What the "nines" actually mean
Availability is usually quoted in "nines": 99.9% is three nines, 99.99% is four, 99.999% is five. Each extra nine looks like a rounding error on paper, but it is really a factor-of-ten promise about how little time your service is allowed to be down. Three nines sounds almost perfect, yet it still leaves roughly 8 hours and 46 minutes of downtime a year, about 44 minutes a month. Four nines cuts that to under 53 minutes a year; five nines to just over 5 minutes. The calculator above turns whatever target you pick into those concrete numbers so the conversation stops being abstract.
The reason the jump between nines matters so much is that each one is roughly ten times harder, and more expensive, to hold. Going from 99.9% to 99.99% is not "a bit more testing"; it usually means redundant infrastructure across availability zones, automated failover measured in seconds rather than minutes, and enough instrumentation to detect a problem before a customer does. If you are weighing what that investment actually buys, our primer on what SRE is explains how reliability targets translate into engineering work, and the SRE engagement page shows how we run them in production.
Picking a target is therefore a cost-versus-reliability decision, not a vanity metric. The right number is the point where the revenue, contractual penalties or user trust you protect with the next nine exceeds what it costs to hold that nine. For most B2B SaaS, that lands at 99.9% or 99.95% for the core product, with tighter targets reserved for the handful of endpoints where downtime is genuinely expensive. We walk through that reasoning specifically for subscription products in SRE for SaaS, and you can pair this tool with the cloud waste calculator to weigh reliability against the spend side of the same tradeoff.
Turn the SLA into an error budget
Once you have a target, the allowed downtime is far more useful as a budget than as a threshold. If your SLO is 99.9%, you have about 43 minutes of unavailability to spend each month. That is your error budget: every incident, bad deploy, failed migration or flaky dependency draws it down, and when it is gone you have, by definition, missed your target for the month.

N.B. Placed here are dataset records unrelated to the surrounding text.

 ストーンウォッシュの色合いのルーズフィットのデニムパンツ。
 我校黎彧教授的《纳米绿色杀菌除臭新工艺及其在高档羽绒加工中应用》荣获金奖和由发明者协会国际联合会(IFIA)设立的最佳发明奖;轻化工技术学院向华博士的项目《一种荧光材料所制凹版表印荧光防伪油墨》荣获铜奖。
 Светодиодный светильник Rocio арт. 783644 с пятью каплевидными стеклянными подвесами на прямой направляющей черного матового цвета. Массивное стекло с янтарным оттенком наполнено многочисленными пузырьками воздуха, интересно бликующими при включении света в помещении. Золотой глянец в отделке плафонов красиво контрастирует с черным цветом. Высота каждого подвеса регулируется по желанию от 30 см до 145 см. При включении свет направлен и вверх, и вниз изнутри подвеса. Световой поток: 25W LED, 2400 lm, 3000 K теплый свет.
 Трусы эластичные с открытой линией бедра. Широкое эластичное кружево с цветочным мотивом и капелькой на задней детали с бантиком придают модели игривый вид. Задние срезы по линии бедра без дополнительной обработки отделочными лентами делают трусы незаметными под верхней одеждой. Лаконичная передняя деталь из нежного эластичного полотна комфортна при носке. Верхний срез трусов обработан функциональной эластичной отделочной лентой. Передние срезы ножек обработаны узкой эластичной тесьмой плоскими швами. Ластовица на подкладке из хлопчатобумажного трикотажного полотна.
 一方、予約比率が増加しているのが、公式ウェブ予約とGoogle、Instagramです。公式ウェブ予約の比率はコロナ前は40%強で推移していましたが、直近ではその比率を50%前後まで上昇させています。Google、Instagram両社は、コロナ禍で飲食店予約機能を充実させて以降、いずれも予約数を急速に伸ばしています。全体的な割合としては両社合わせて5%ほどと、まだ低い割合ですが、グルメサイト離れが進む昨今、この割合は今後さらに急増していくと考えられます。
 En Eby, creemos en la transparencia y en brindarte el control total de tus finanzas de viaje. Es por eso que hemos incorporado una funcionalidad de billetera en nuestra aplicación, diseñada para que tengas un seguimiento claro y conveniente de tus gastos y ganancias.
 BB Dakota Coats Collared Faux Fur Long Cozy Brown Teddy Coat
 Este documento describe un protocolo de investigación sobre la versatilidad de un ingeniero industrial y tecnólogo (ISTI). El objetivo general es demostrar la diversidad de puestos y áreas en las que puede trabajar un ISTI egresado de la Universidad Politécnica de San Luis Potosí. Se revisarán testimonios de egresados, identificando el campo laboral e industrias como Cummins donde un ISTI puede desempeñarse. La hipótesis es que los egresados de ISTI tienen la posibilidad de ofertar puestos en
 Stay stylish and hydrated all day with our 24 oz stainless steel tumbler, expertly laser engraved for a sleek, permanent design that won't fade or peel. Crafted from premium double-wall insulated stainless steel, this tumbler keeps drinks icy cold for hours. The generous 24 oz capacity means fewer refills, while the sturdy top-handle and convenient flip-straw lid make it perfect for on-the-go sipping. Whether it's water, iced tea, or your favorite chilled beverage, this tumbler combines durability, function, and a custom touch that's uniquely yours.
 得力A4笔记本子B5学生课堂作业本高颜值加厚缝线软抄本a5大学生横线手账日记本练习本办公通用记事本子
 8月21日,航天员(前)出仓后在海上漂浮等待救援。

Framing reliability this way changes how teams behave. When the budget is healthy, you can ship aggressively, run risky migrations and take on experiments, because you have room to absorb the occasional failure. When the budget is nearly spent, the same policy tells you to freeze risky changes and put engineering time into resilience instead. The SLA stops being a pass/fail line that only matters after an outage and becomes a resource the team manages week to week. Observability is what makes the budget measurable in the first place; if you are still standing that up, what is observability covers the signals you need to see the budget draining in real time.
Error budgets also protect people, not just uptime. Chasing an unrealistic target, or treating every alert as a budget-threatening emergency, is a fast route to burnout and pager noise. We wrote about how that plays out, and how to avoid it, in the alert fatigue trap. And if you add a revenue-per-hour figure to the calculator, you can see the budget in money: the annual cost of the downtime your target permits, which is often the single number that gets a reliability investment approved.